Sheeting Systems Gain Momentum

Obtaining a sheet of dough that’s consistently within the desired characteristics can be challenging and is essential for a wide range of bakery and pastry products. Sheeting technology helps automate dough shaping into continuous sheets while having less impact on the gluten network.

Technology now allows for the automated production of sheets of dough, with the desired characteristics, consistently. Sheeters provide a wide range of textures by aligning or cross aligning the dough sheets. This can result in a variety of products from the same processing platform.

Fat is commonly used in between layers to support their separation while baking and can be either introduced prior to sheeting or as a continuous layer when forming the layers. Lamination is used to gain better textures in many different formulations where lift is an issue and formulation changes are difficult. According to experts, this is becoming especially true in more of the clean label products. Laminating is mostly used for crackers and puff doughs, but it benefits any hard dough. 

Reading Bakery Systems (RBS), one of the world’s leading manufacturers of snack production systems, has redesigned their Thomas L. Green Sheeting Line System to be a more streamlined and flexible system offering improved maintenance features and easier sanitation compared to previous designs. 

The redesigned sheeting line offers expanded production capabilities while being easier to operate and maintain to produce crackers, biscuits, and baked crisps. 

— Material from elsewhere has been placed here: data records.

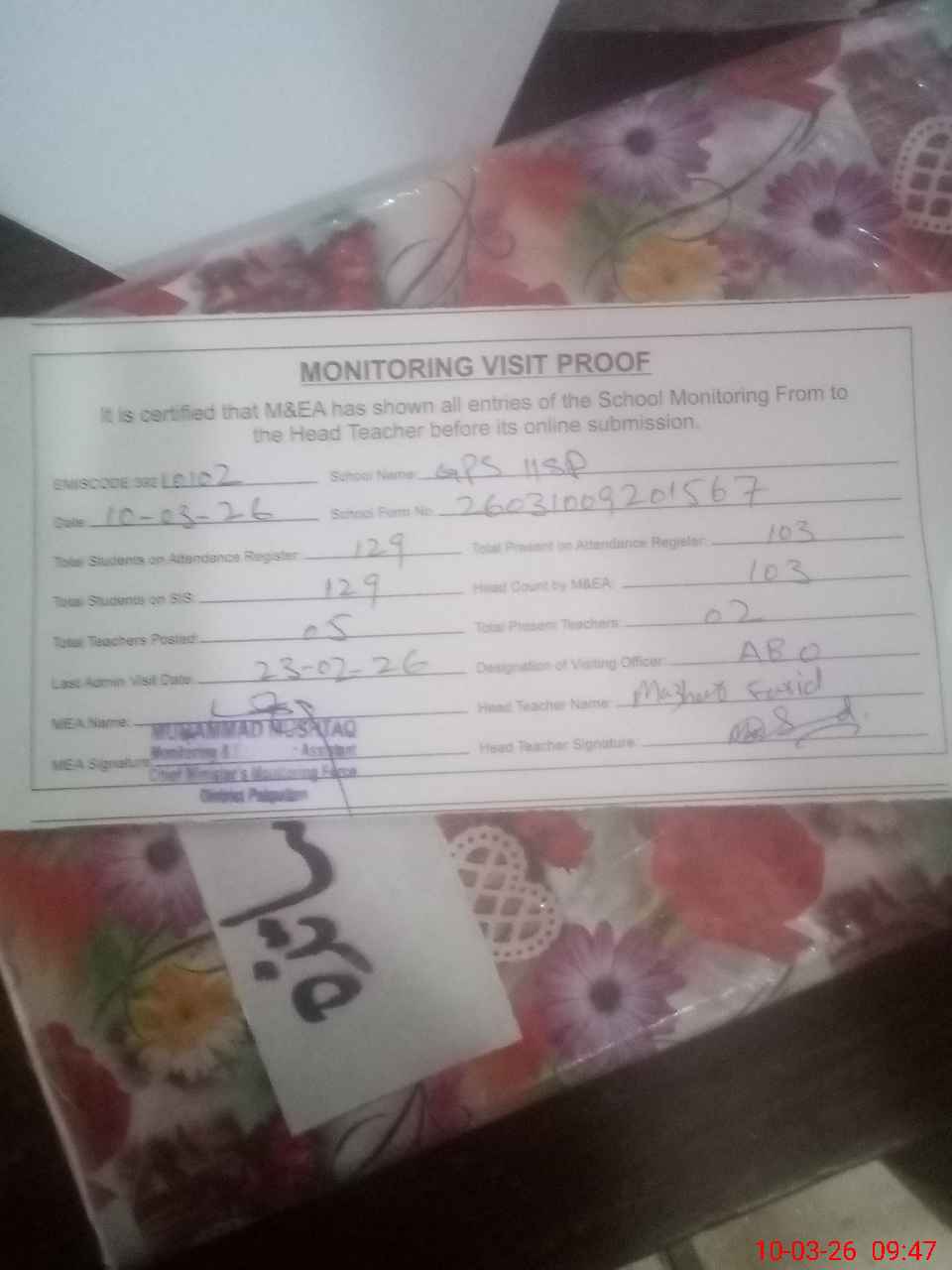 | Attendance Register | Head Teacher | MEA with School | Visit Proof |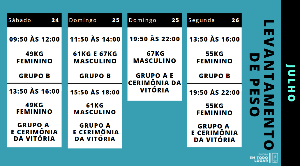Calendário (dia e horários locais de Tóquio)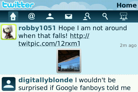 If you notice above, the twitter app actually shows a thumbnail of twitpics that users attach. I’m not sure if it will show an inline image if it comes from any other source however as I was not able to test that portion. If you click on the image, you can even enlarge it to full screen.

“The new sheeting line combines our latest intelligent and sustainable design approach, SafeShield sanitary protocols, and improved production flexibility. Our future-proofing strategy translates to maximizing production flexibility and operational efficiency,” said Cameron Johnston, Director of Engineering at RBS. 

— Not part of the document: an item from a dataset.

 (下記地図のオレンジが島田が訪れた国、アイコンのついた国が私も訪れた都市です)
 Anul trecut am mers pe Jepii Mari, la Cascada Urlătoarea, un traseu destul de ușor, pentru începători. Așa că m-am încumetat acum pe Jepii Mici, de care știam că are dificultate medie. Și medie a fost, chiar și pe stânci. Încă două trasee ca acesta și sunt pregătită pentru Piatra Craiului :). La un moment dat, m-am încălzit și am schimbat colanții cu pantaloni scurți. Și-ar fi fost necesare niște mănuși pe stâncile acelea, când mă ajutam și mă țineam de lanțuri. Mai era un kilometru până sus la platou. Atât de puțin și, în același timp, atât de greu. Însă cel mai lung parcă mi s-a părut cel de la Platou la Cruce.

The new sheeting system design increases tool-less access and decreases the number of components to improve maintenance and downtime efficiency. Unobstructed internal views into the machine allow operators to visually inspect, assess and plan downtime for line sanitation and maintenance.  

The machine utilizes precision servo motor control to accurately cut, stack and deliver sheeted dough to the downstream reduction and forming equipment. Dough sheets are conveyed to the discharge conveyor by the servo-driven layering carriage. This carriage deposits the sheets by extending them to the far edge of the laminator take-away conveyor. The carriage retracts while conveying, laying the sheets gently on top of the moving lamination stack.

Biscuit Sheeting

One of the most important requirements for biscuit producers, for example, is for the machine to be able to handle a wide variety of dough types at high capacities – hard dough for sweet and semi-sweet biscuits, soft dough for biscuits and cookies and short (tart) dough. 

It is also essential to extrude smooth, uniform sheets of dough with consistent thickness and width.

The diversity of products that are required by the demanding customers has created new challenges for manufacturers. 

Hard biscuits can be made using various recipes of different degrees of richness; these products are obtained from hard, tenacious and elastic dough (agglutinated) and are processed industrially by rolling and laminating. For this reason, these biscuits are technically known as laminated biscuits. The same forming machines may also be used for making crackers by adding various accessories. 

Shortbread biscuits are obtained from tender dough (fragile, not hard), using a rotary machine. Therefore, they are also technically known as rotary biscuits.

Bread Sheeting

Dedicated technology helps to sheet and laminate dough with challenging characteristics. Such a case results in delicious artisan-style bread. In addition to high moisture content, artisan breads often use specialty & clean-label ingredients, which add to the processing challenge. 

Doughs with high moisture content generally need more time and attention. According to Koenig Bakery Systems specialists, it is important to have consistent processes in order to have consistent quality with such doughs. Once a bakery has implemented these processes, the doughs can vary but the principles stay similar. This does not change if they use clean-label ingredients. If a bakery does artisan bread right, it generally uses clean-label ingredients, reduces yeast and meets other measures to make the bread as “clean” as possible.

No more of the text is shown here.